Каждый раз, когда она шла рядом с сыном, «бегущим» на четвереньках, ей хотелось как можно сильнее пригнуться к нему. Она испытывала жуткую неловкость от того, что так легко ступает сама, своими ногами. А сын — нет. И тяжесть осознания этого неподъёмно давила ей на плечи.

Однако жажда жить счастливо, несмотря на обстоятельства, сидела колом в груди и выпрямляла измождённую спину. Так и жила она в постоянном напряжении. В непрекращающейся борьбе счастья и отчаяния.
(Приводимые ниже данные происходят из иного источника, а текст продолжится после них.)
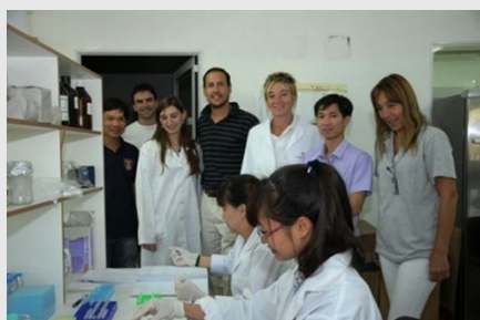
Entrenamiento de profesionales del CARDI en la Estación Experimental Agropecuaria de Concepción del Uruguay del INTA

В какой-то точке невесомости. И, наверное, только Бог не давал ей упасть, крепко держа за руку.

* * *

А Кольке было почти пять. Кольке — и никак иначе. Ни Николай, ни Коленька, ни Колюня — не подходили ему. Потому что Колька был такой хулиганисто-жизнерадостный человек, что такого больше не найти на всём свете.

Смешинки и слезинки у Кольки сидели совсем рядом, даже вперемешку. С какой лёгкостью он отдавался смеху, с такой же силой неистово ревел. А иногда делал это одновременно. Неврологи говорили, Колька — эмоционально неустойчивый. Мама говорила — живой. И плакала-смеялась вместе с ним.

* * *

Тревожные мысли налетали гулким вороньём по ночам. Садились на голову, плечи, давили на сердце и грудь. И каркали, каркали, каркали: «Скоро уже пять, а он ещё не говорит! Скоро пять, а он не ходит! Кар-кар! Не ходит, не ходит! Кар!» Мысли-вороны бились друг с другом, клевали в макушку и сковывали всё тело в страх.

И только одно спасало: «Господи, Иисусе Христе, сыне Божий, помилуй Кольку!» — шептала мама. И проваливалась в тяжёлый сон.

А утром... Утром прилетали звонкие малиновки. Прыгали себе, щебетали. Вытаскивали ухнувшее в ночи сердце. Колька просыпался, улыбался и нежно-нежно просил у мамы объятий.

— Доброе утро, сынулька! — говорила мама и брала его на руки. А он смеялся и крепко обнимал её за шею, придумывая новую шалость.

«Счастлив! Мой сын счастлив!» — осторожно садилась на мамины плечи малиновка. И вихрь домашних забот и радостей уносил их на целый день. На целый новый день.

* * *

А однажды ночью вороны не прилетели.

Мама ворочалась с боку на бок и не могла уловить, что не так. Невесомая пустота долго не давала уснуть.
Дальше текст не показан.